Jörg Asmussen, Gunther Schnabl
ifo Institut für Wirtschaftsforschung, München, 2011

ifo Schnelldienst, 2011, 64, Nr. 07, 03-09

In November this year proposals are to be submitted to the G20 Summit in Cannes on the reform of the international monetary system. How should a future global exchange rate regime be designed? Jörg Asmussen, undersecretary at the Federal Ministry of Finance, stresses that from the viewpoint of the Finance Ministry a system of fixed exchange rates or of exchange rate target zones is to be rejected. Europe gained sufficient experience in the past from the exchange rate target zones of the European Exchange Rate Mechanism.
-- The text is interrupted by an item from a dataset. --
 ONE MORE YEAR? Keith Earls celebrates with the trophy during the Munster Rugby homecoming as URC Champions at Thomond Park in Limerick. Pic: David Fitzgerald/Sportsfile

Instead of this, reform measures such as a strengthening of the IMF surveillance mechanisms, an improved cooperation in the control of global capital flows as well as a road map for the integration of additional currencies, such as the Chinese renminbi, into the SDR currency basket could help to reduce the volatility in a more flexible worldwide exchange rate regime, and contribute to helping currencies reflect more strongly the fundamentals of national economies. This would also be a contribution to an orderly dismantling of global imbalances. In the opinion of Gunther Schnabl, University of Leipzig, the core of the reforms should not consist of the optimal exchange rate strategies of the periphery countries but should deal with the question of how the monetary-policy course of the US can be disciplined in the interest of the world as a whole. The answer could lie in a new orientation of the exchange rates of eastern Asia to the euro. An informal peg of all East Asian currencies to the euro would be promising because an external anchor would be politically acceptable for both Japan and China. And also for Europe, the "informal Far Eastern enlargement" of the euro-zone would be attractive. Among other things, the need to follow the monetary-policy course of the US Federal Reserve would be clearly reduced in the informally expanded euro area.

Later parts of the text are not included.